We analyze model performance by bug type (categories: "function misuse", "variable misuse", "operator misuse", "excess logic", "missing logic", "value misuse"). Misuse bug types could be together classified as "wrong logic"

In [None]:
splitted_by_categories = {}
categories = ["function misuse", "variable misuse", "operator misuse", "excess logic", "missing logic", "value misuse"]

for category in categories:
  splitted_by_categories[category] = []

for task in new_ds:
  splitted_by_categories[task["bug_type"]].append(task)

## Evaluate all tasks from the category


In [None]:
def evaluate_the_category(category_name):
  print("Starting evalution of tasks with bug type {category_name}:".format(category_name=category_name))
  zero_shot_pass_metric_result = calculate_zero_shot_pass_metric(splitted_by_categories[category_name])
  print("Result for {category_name}: {result}".format(category_name=category_name, result=zero_shot_pass_metric_result))
  return zero_shot_pass_metric_result


In [None]:
evaluate_the_category("excess logic")

Starting evalution of tasks with bug type excess logic:


Progress: 100%|██████████| 31/31 [12:02<00:00, 23.30s/it]

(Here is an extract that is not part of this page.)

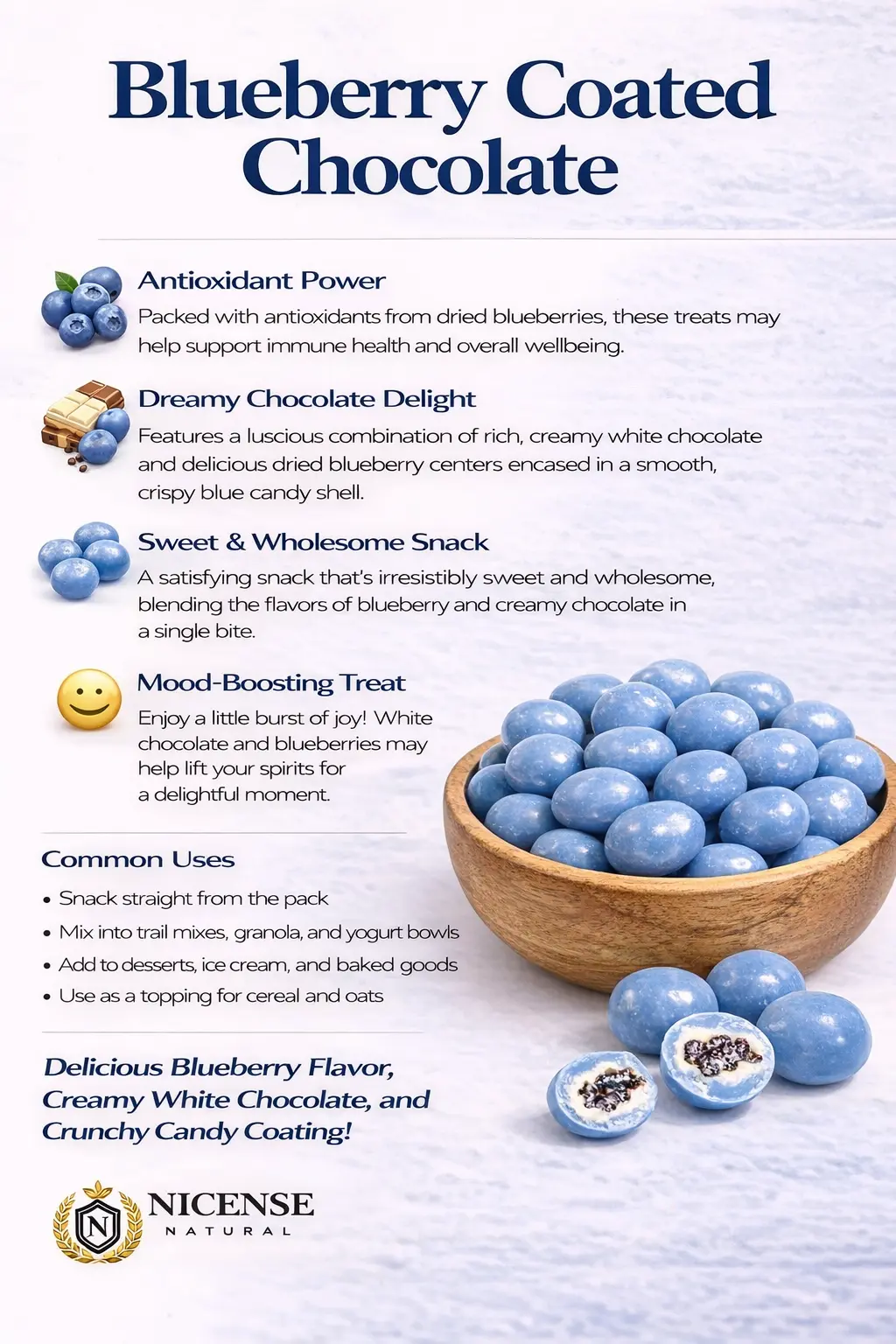 Blueberry Coated Chocolate – Crunchy Candy Shell with Creamy White Chocolate & Real Blueberry Centre | Premium Gourmet Snack by NICENSE
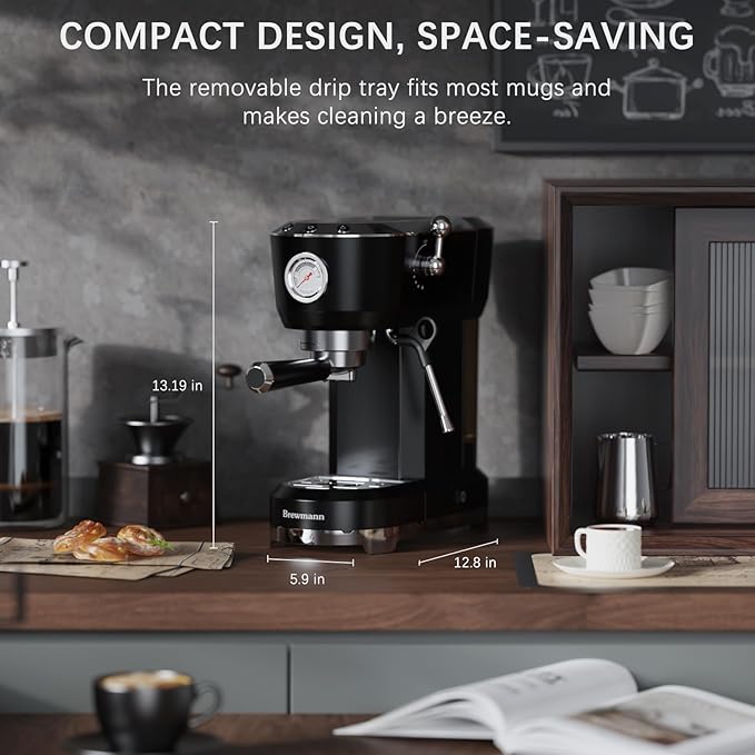 Color : Black Product Dimensions : 12.8"D x 5.91"W x 13.19"H Special Feature :Auto Shut-Off, Cup Warmer, Milk Frother, Permanent Filter, Removable Tank Coffee Maker Type : Espresso Machi

Result for excess logic: 0.06451612903225806





0.06451612903225806

In [None]:
evaluate_the_category("missing logic")

Starting evalution of tasks with bug type missing logic:


Progress: 100%|██████████| 33/33 [10:15<00:00, 18.64s/it]

Result for missing logic: 0.030303030303030304





0.030303030303030304

In [None]:
evaluate_the_category("value misuse")

Starting evalution of tasks with bug type value misuse:


Progress: 100%|██████████| 44/44 [14:43<00:00, 20.09s/it]

Result for value misuse: 0.13636363636363635





0.13636363636363635

In [None]:
for category in ["function misuse", "variable misuse", "operator misuse"]:
  evaluate_the_category(category)

Starting evalution of tasks with bug type function misuse:


Progress: 100%|██████████| 8/8 [01:12<00:00,  9.01s/it]


Result for function misuse: 0.25
Starting evalution of tasks with bug type variable misuse:


Progress: 100%|██████████| 23/23 [06:46<00:00, 17.67s/it]


Result for variable misuse: 0.2608695652173913
Starting evalution of tasks with bug type operator misuse:


Progress: 100%|██████████| 25/25 [04:06<00:00,  9.88s/it]

Result for operator misuse: 0.16





We have calculated the metric values for each bug type. Let's observe the received results. We see that (in my implementation) the "missing logic" turns out to be the most challenging, but in general let's notice that "missing logic" and "excess logic" bugs the model had changed only 3 times out of 64 tasks, which is really poor performance.

Because of it on the whole dataset the function has (2 + 1 + 6 + 2 + 6 + 4) / 164 = **0.128...**, which is less than it stays in hugging face experiments:

pass@1 (T=0.2) on HumanEvalFixTests Python
self-reported
**18.380**

But if calculate the statistic among only *"wrong logic"* bug type, it would be (6 + 2 + 4 + 6) / 100 = **0.18**, which is near the value they had presented.